::: EXERCISE MATERIALS :::
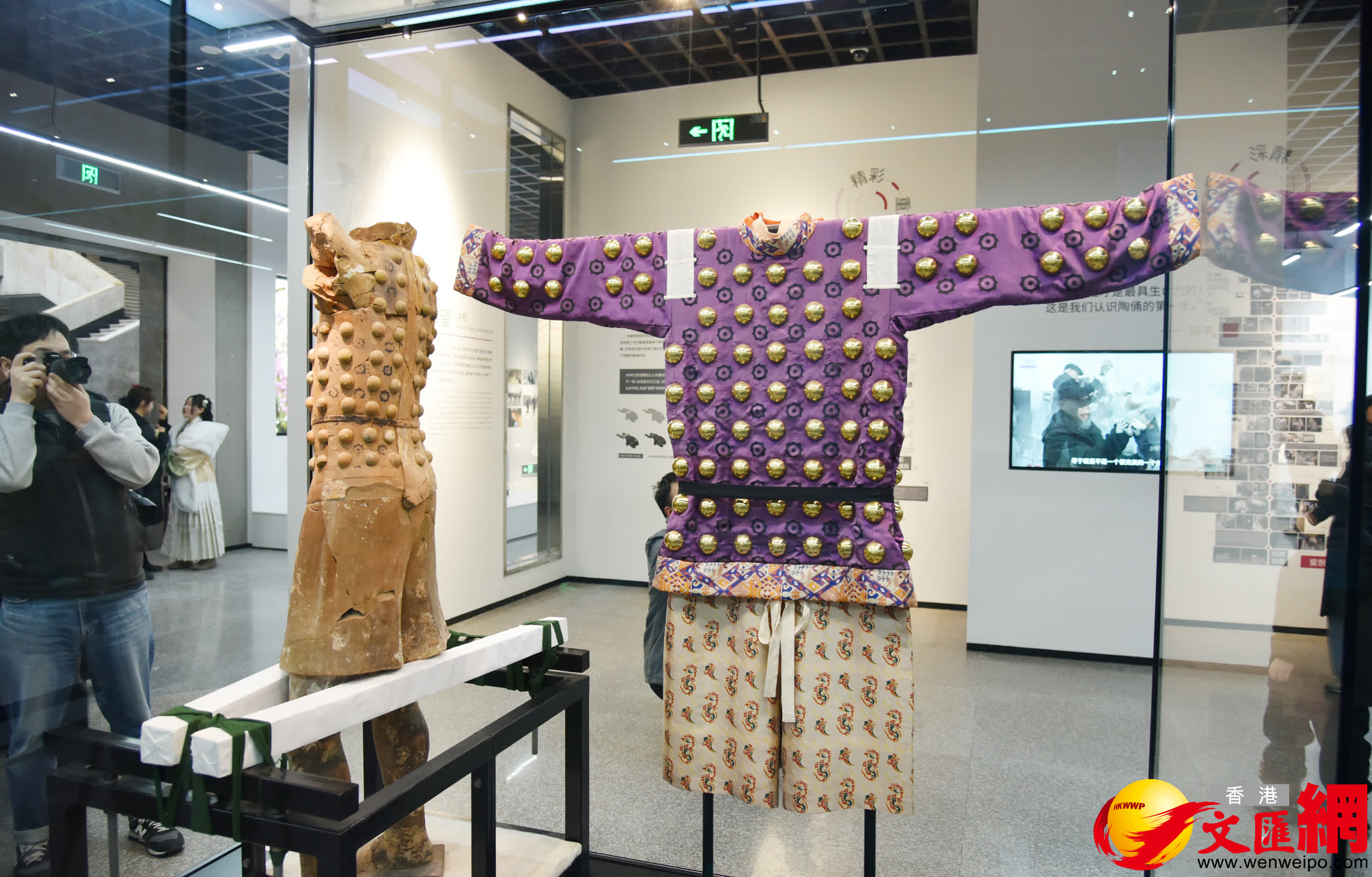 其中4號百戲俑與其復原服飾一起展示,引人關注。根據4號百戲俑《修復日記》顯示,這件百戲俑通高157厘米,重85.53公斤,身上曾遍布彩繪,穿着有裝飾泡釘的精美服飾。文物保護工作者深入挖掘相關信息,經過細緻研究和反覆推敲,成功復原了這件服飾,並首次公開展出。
:::
::: EXERCISE MATERIALS :::
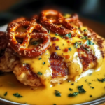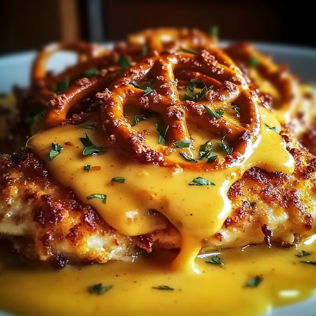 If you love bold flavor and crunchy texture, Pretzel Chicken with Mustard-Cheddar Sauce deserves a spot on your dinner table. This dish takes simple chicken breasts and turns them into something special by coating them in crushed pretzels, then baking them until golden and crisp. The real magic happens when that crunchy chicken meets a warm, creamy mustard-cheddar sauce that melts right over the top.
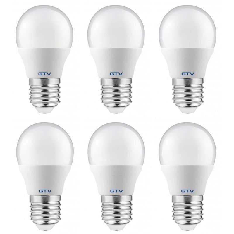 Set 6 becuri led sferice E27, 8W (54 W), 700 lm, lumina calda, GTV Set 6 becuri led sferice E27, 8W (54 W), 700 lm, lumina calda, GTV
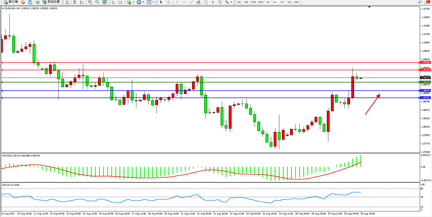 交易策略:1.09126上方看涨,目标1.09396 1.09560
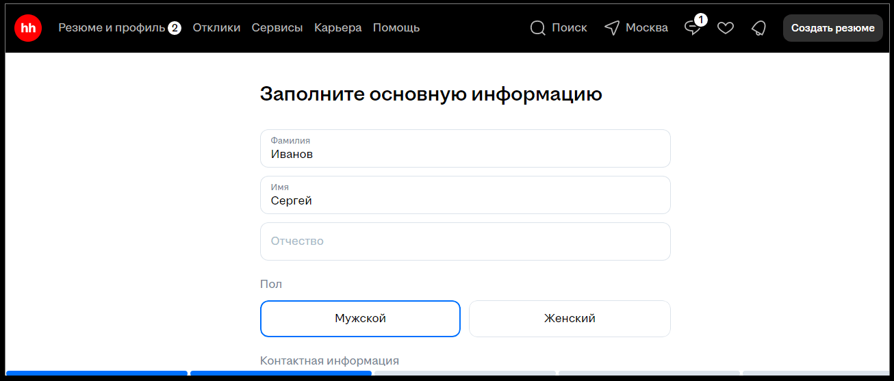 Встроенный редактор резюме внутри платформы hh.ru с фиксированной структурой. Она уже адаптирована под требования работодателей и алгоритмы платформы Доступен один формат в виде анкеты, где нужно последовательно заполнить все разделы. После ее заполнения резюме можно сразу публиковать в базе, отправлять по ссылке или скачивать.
:::
::: EXERCISE MATERIALS :::
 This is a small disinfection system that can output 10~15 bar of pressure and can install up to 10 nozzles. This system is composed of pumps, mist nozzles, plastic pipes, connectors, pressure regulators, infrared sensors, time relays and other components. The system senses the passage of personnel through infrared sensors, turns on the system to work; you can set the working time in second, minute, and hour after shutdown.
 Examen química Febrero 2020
:::
Give again the lines of the listing above that run from the one with "交易策略:1.09126上方看涨,目标1.09396 1.09560" up to and including the one with "Встроенный редактор резюме". Keep them exact and omit the pictures.

 交易策略:1.09126上方看涨,目标1.09396 1.09560
 Встроенный редактор резюме внутри платформы hh.ru с фиксированной структурой. Она уже адаптирована под требования работодателей и алгоритмы платформы Доступен один формат в виде анкеты, где нужно последовательно заполнить все разделы. После ее заполнения резюме можно сразу публиковать в базе, отправлять по ссылке или скачивать.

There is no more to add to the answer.